Content-Transfer-Encoding: 7bit
Sender: "linux-riscv" <linux-riscv-bounces@lists.infradead.org>
Errors-To: linux-riscv-bounces+infradead-linux-riscv=archiver.kernel.org@lists.infradead.org


On 28/03/2019 14:09, Anup Patel wrote:
> On Thu, Mar 28, 2019 at 7:07 PM Gary Guo <gary@garyguo.net> wrote:
>>
>> Hi Anup,
>>
>> The code still does not use ASID in TLB flush routines. Without this
>> added the code does not boot on systems with true ASID support.
> 
> Can you elaborate why flush by ASID is need and flush_tlb_all() will
> not work?
 >
flush_tlb_all() will work, but not flush_tlb_mm, flush_tlb_page, 
flush_tlb_range. When we want to flush something related to a MM we need 
to get its ASID and SFENCE with that ASID.
>>
>> We also need to consider the case of CONTEXTID overflow on 32-bit
>> systems. 32-bit CONTEXTID may overflow in a month time.
> 
> On 32bit systems, upper 24bits of CONTEXTID will be VERSION and
> lower 8bits will be HW ASID.
> 
> Can you elaborate how did you reach to conclusion that CONTEXID
> will overflow in a month time?
> 
Assume a case where we have 256 processes to run, and 8 cores, 
2^32/(250Hz)/8 = 24 days.
>>
>> Please all see my inline comments.
>>
>> Best,
>> Gary
>>
>> On 28/03/2019 06:32, Anup Patel wrote:
>>> Currently, we do local TLB flush on every MM switch. This is very harsh
>>> on performance because we are forcing page table walks after every MM
>>> switch.
>>>
>>> This patch implements ASID allocator for assigning an ASID to every MM
>>> context. The number of ASIDs are limited in HW so we create a logical
>>> entity named CONTEXTID for assigning to MM context. The lower bits of
>>> CONTEXTID are ASID and upper bits are VERSION number. The number of
>>> usable ASID bits supported by HW are detected at boot-time by writing
>>> 1s to ASID bits in SATP CSR. This means last ASID is always reserved
>>> because it is used for initial MM context.
>>>
>>> We allocate new CONTEXTID on first MM switch for a MM context where
>>> the ASID is allocated from an ASID bitmap and VERSION is provide by
>>> an atomic counter. At time of allocating new CONTEXTID, if we run out
>>> of available ASIDs then:
>>> 1. We flush the ASID bitmap
>>> 2. Increment current VERSION atomic counter
>>> 3. Re-allocate ASID from ASID bitmap
>>> 4. Flush TLB on all CPUs
>>> 5. Try CONTEXTID re-assignment on all CPUs
>>>
>>> Using above approach, we have virtually infinite CONTEXTIDs on-top-of
>>> limited number of HW ASIDs. This approach is inspired from ASID allocator
>>> used for Linux ARM/ARM64 but we have adapted it for RISC-V. Overall,
>>> this ASID allocator helps us reduce rate of local TLB flushes on every
>>> CPU thereby increasing performance.
>>>
>>> This patch is tested on QEMU/virt machine and SiFive Unleashed board.

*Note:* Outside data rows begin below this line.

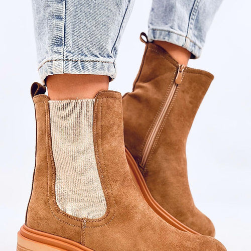 Women's suede boots with a cut of sable boots. The classic design of this model is enhanced with a contrasting sweater welt. A wide heel of 5,5 cm and a practical zipper closure are their undoubted advantages. These are the perfect shoes for every day! They are made of eco-suede, and the interior is lined with soft fur. fabric ecological...
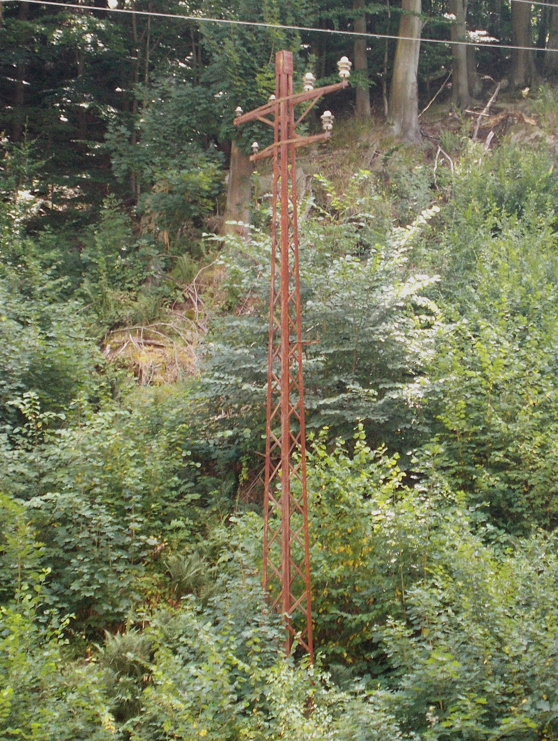 Western Poland is a museum of old transmission towers which were built before 1945 when this area was part of Germany. This disused pole in Lesna/Marklissa already existed in 1907 and served the voltages of 40kV/10kV, but the upgrade to 40kV happened later, before 1925. Today around Lubomierz some of these poles still exist, but as part of the 15 kV distribution grid. Original state 1905-1907: https://fotopolska.eu/1051872,foto.html?o=b13122 There is another one in service, close to the protection bridge: https://maps.app.goo.gl/afaamjtDjsoDv6Wi8 Map of power grid in 1925: https://polska-org.pl/813974,foto.html?idEntity=509944 |
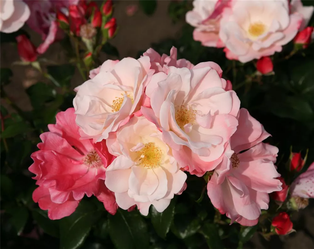 Die lachsrosafarbenen, halbgefüllten, schalenförmigen Blüten der Beetrose 'Roseromantic'® erscheinen in Dolden von Juni bis September. Diese werden etwa 7 - 8 cm groß.
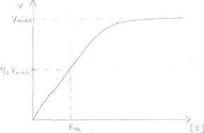 При низкой концентрации субстрата и последующем её увеличении зависимость между [субстрата] и V прямо пропорциональна. Дальнейшее увеличение концентрации субстрата приводит к снижению скорости, и наконец, наступает такое значение концентрации субстрата, после которой скорость ферментативной реакции остаётся неизменной. Это называется эффектом насыщения фермента субстратом. Для характеристики кинетики в ферментативных реакциях была вычислена константа Михаэлиса - Ментен (Michaelis&Menten), которая выражается: Km= (E)*(S)-(ES)/(ES)
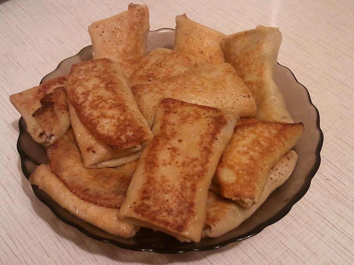 Ого нашлепала,а фаршировала чем?.....а сегодня крахмальные пекла:0,5 л молока+5 яиц+1,2ч.л соли+ ст.ложка сахара+200 гр. крахмала.....получаются как кружева,вот только не сфотографировала.....
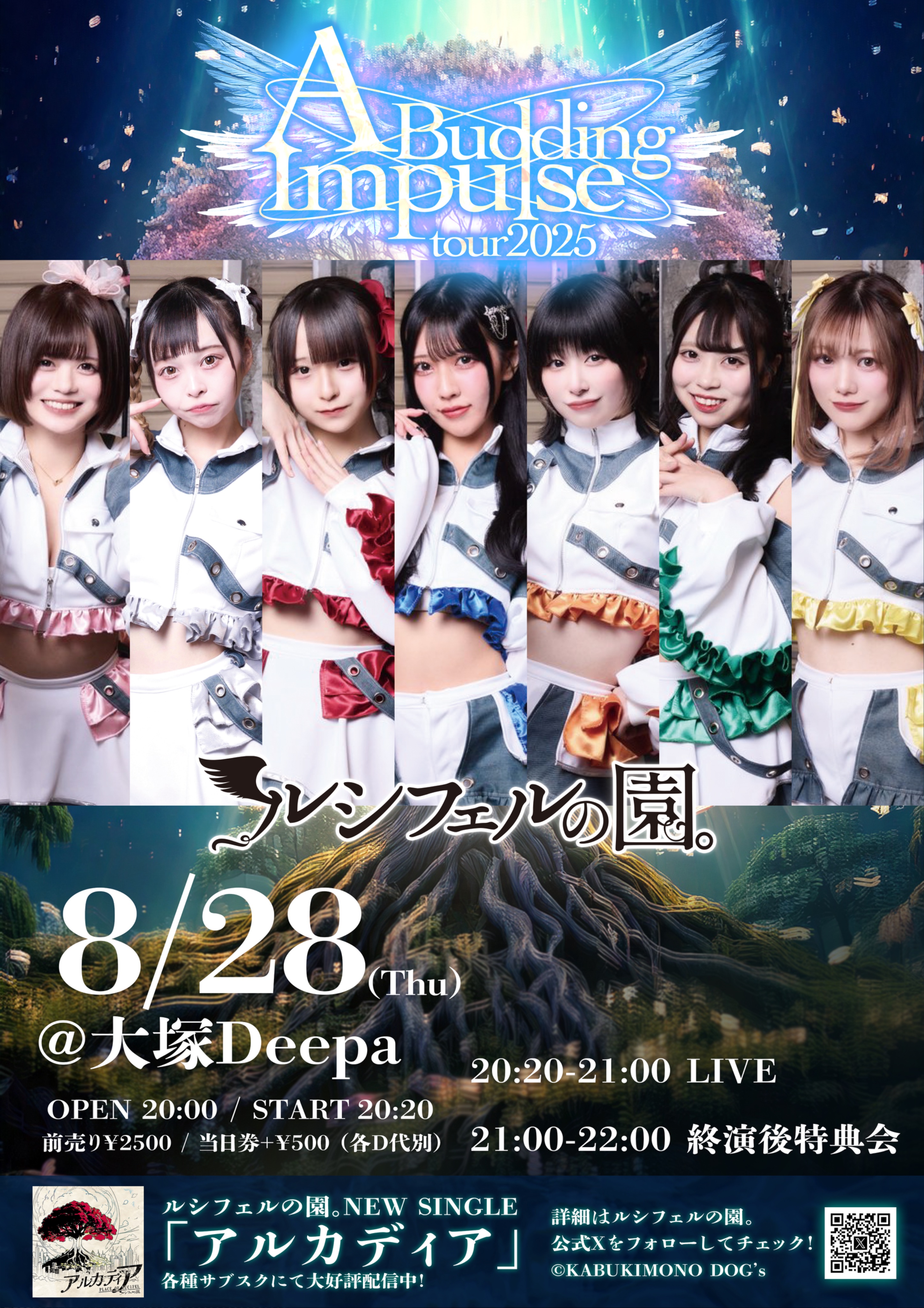 大塚 Deepa スケジュール 2025.8.28(Thu) A Budding impulse~tour2025~ [ACT] ルシフェルの園。 [OPEN/START] 20:00/20:20 [料金] 予約¥2500(1D代別)/当日¥3000(1D代別) https://tiget.net/events/424909
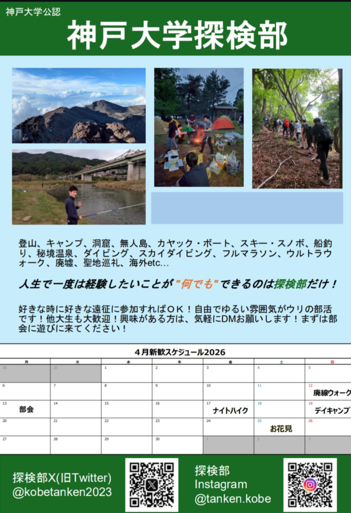 神戸大学に合格されたみなさんおめでとうございます! 探検部では登山、ウィンタースポーツ、ウルトラウォーク、ゲテモノ遠征などやりたいことがなんでも出来ます! 少しでも興味のある方は4/13にある部会への参加や廃線ウォークへの参加お待ちしております!!
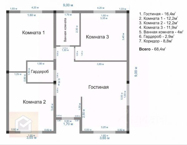 Дом состоит из двух этажей, 6 смежно-изолированных комнат, кухни 16.5 м.кв.,прихожей, гостевой, двух коридоров, гардеробной, раздельного санузла, туалета и котельной.
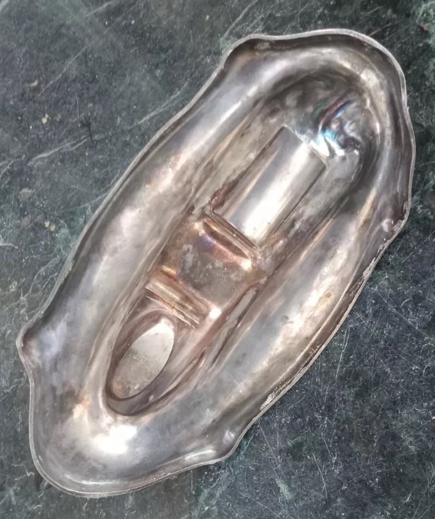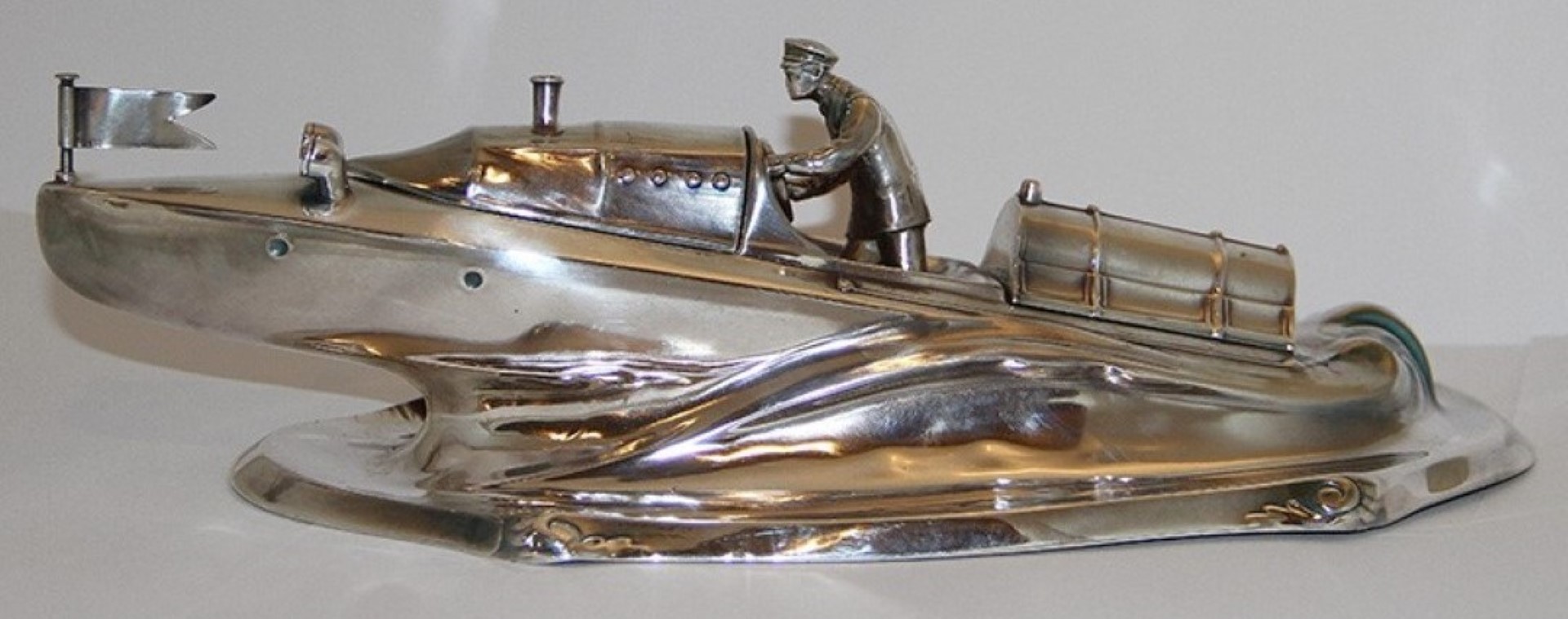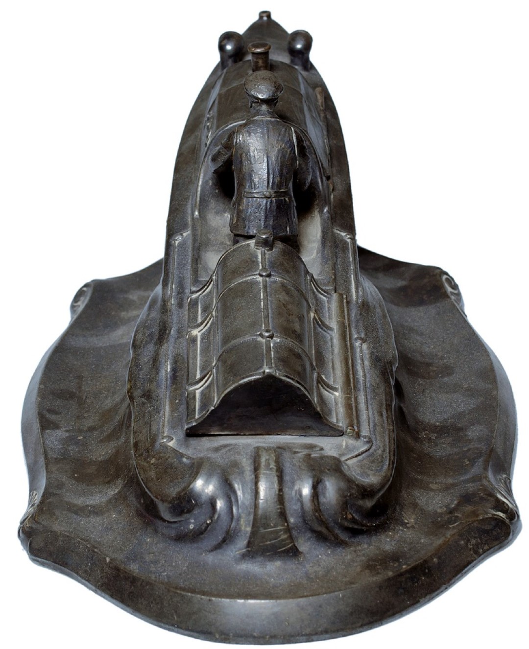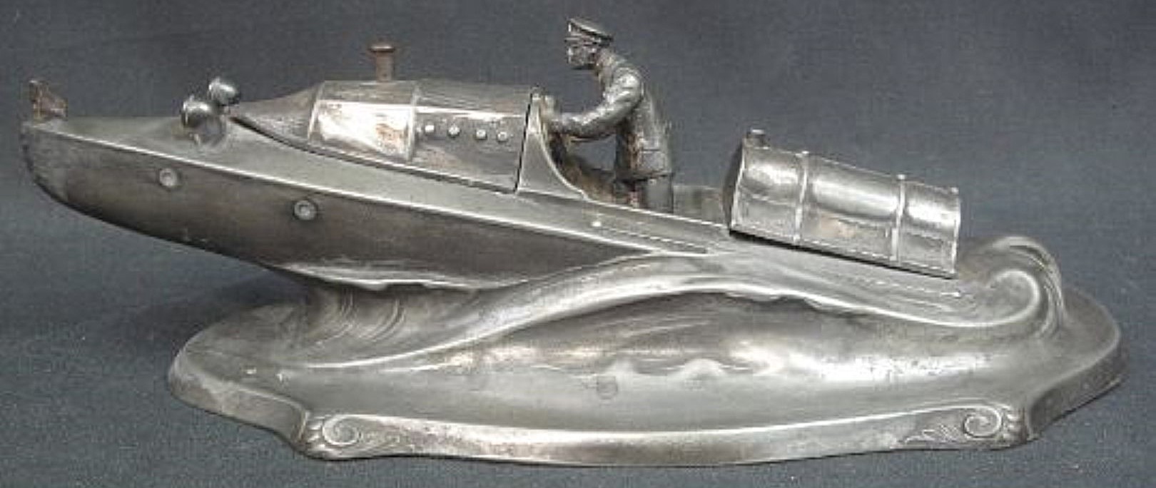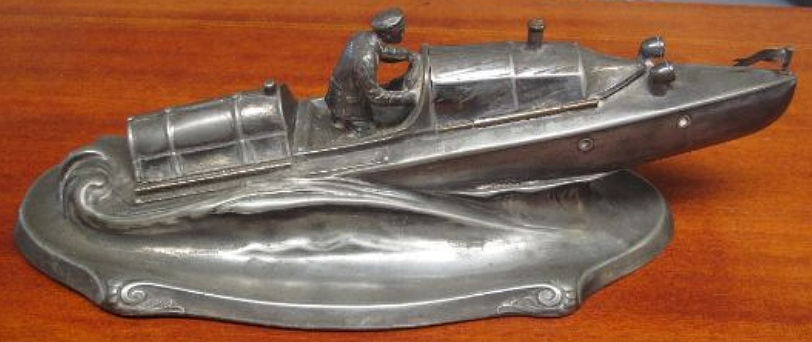 This WMF (Württembergische Metallwarenfabrik) inkstand is designed to resemble a speedboat with a helmsman. The glass inkwell is located in the bow’s front cargo area. At the stern (rear) where the motor would be, there’s a storage compartment. The pen tray is formed at the water’s wake in front of the helmsman.

>>> On QEMU/virt machine, we see 10% (approx) performance improvement with
>>> SW emulated TLBs provided by QEMU. Unfortunately, ASID bits of SATP CSR
>>> are not implemented on SiFive Unleashed board so we don't see any change
>>> in performance.
>>>
>>> Signed-off-by: Gary Guo <gary@garyguo.net>
>> Could you add a Co-developed-by line in addition to Signed-off-by as
>> well? Thanks.
> 
> Sure, I will add.
> 
>>> Signed-off-by: Anup Patel <anup.patel@wdc.com>
>>> ---
>>> Changes since v1:
>>> - We adapt good aspects from Gary Guo's ASID allocator implementation
>>>     and provide due credit to him by adding his SoB.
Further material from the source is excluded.